Joseph Goebbels, the Nazi minister of propaganda, asserted that if we repeat a lie enough times, it becomes the truth. Through weight of repetition, the mantras of our political parties, corporations and other organizations now appear true.

“We want the best person for the job,” and “We want to think outside of the box,” they say.

And we believe them. But such contentions curtain delusion.

Ronald Heifetz, of Harvard’s Kennedy school of government, argues that organizations are akin to organisms, and what all organisms want is constancy. For example, if the human body’s temperature rises a mere degree, it sweats and we shed clothing. If our temperature drops a mere degree, we shiver and we don additional clothing. Organizations behave in similar ways. They want the “same old, same old.”
America’s corporations, government and communities seek constancy. Via acclimation, we prefer “presidential” appearing candidates, which is code for patrician-appearing white men.

Yes, I know that there’s been progress.

One might assert: “No gender in the world has made as much progress as the American woman since she was set free to vote nearly 90 years ago.”

Since the 19th Amendment to the U.S. Constitution ceded women the right to vote 94 years ago, there has been progress. Women, the majority gender, today comprise 1.2 percent of the Fortune 500 CEO population. Seven of the 50 governors are female. There have been no female vice presidents and no female presidents. The numbers also are telling for black Americans, who comprise 0.6 percent of the Fortune 500 CEO population, with no black governors, vice presidents or presidents.

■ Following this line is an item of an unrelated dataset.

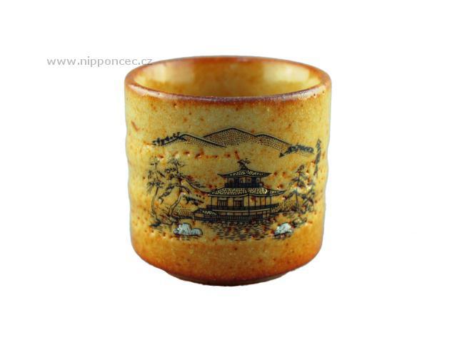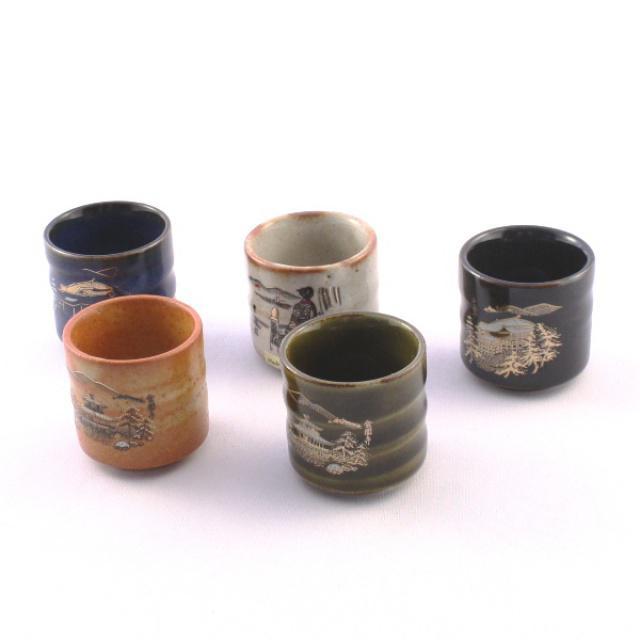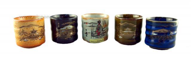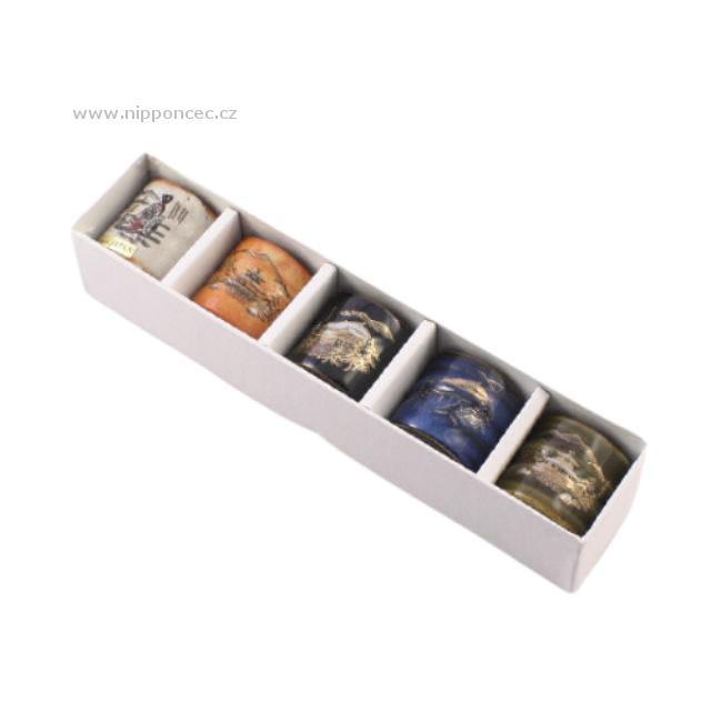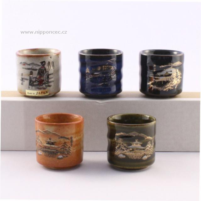 Saké set Kiritachi - to je pět pohárků o rozměrech 4,5 cm x 4,5 cm x 4,5 cm, s barevnou glazurou a vyobrazením slavných japonských památek nebo symbolů. Dodává se v elegantní dárkové krabici.

Yes, change is hard. It entails losses: the loss of the familiar and the loss of predictability. It also entails the loss of privilege, but in the end, the refusal of the Republican and Democratic parties to offer candidates that aren’t white, rich and male is embarrassing.

American organizations might assert that they want to think outside of the box and acquire the best person for the job, but the years and the figures suggest otherwise.
I understand that the two primary parties have “contributed gladly to … (the) advancement (of women and folk with degrees of pigmentation beyond pink) and will continue to do so, if social reformers who know little about (the) problem will let (them) work it out in (their) own way.”

But I wince when I hear their mantras, like I would wince if Lee B. Weathers started pontificating in 1956 about the contributions of the Southern white man to the unprecedented progress of the Southern Negro.